§ **Data records**:
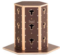
Wabe klein 427,73 €
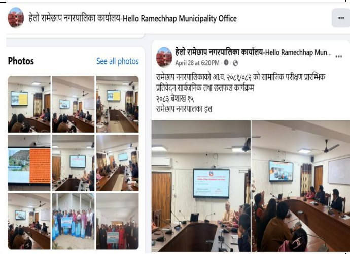
रामेछाप नगरपालिकाले फेसबुक पेजमा राखेको सामाजिक परीक्षणको प्रारम्भिक नतिजा सार्वजनिकीकरण कार्यक्रम ।
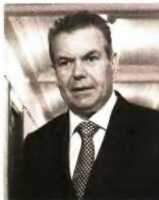
Τάσος Πετρόπουλος, υφυπουργός Εργασίας.
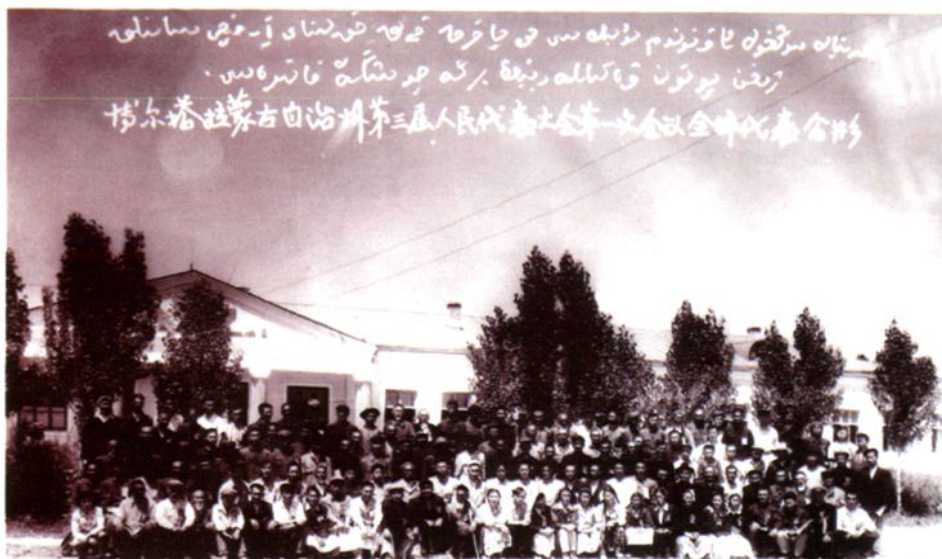
1952年5月自治州第三届 人民代表大会第一次会议代表 合影
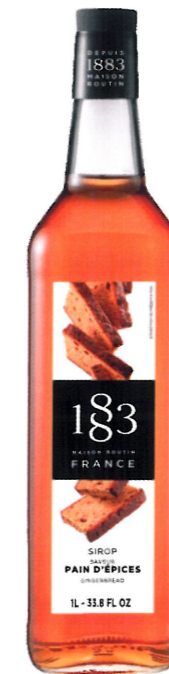
◊ PIERNIKOWY 1136:13295
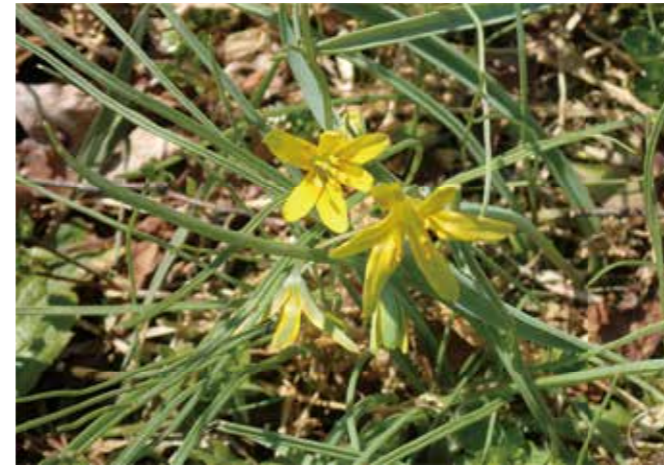
キバナノアマナ 撮影日:2020.4.9 撮影場所:藝沼

野山には、もうすぐたくさんのお花が咲き出します。今回紹介するのは、春に咲く花キバナノアマナです。木の俣園地や藝沼の水田のあぜなどをよく見て歩くと、少し白っぽい緑の細い葉に明るい黄色の花が見つかります。

§ **What you are asked to do**: Retype, exactly as written, each line from the one containing "1952年5月自治州第三届 人民代表大会第一次会议代表 合影" through the end of the data above, and leave out every picture.

§ **Result of the exercise**:
1952年5月自治州第三届 人民代表大会第一次会议代表 合影
◊ PIERNIKOWY 1136:13295
キバナノアマナ 撮影日:2020.4.9 撮影場所:藝沼

野山には、もうすぐたくさんのお花が咲き出します。今回紹介するのは、春に咲く花キバナノアマナです。木の俣園地や藝沼の水田のあぜなどをよく見て歩くと、少し白っぽい緑の細い葉に明るい黄色の花が見つかります。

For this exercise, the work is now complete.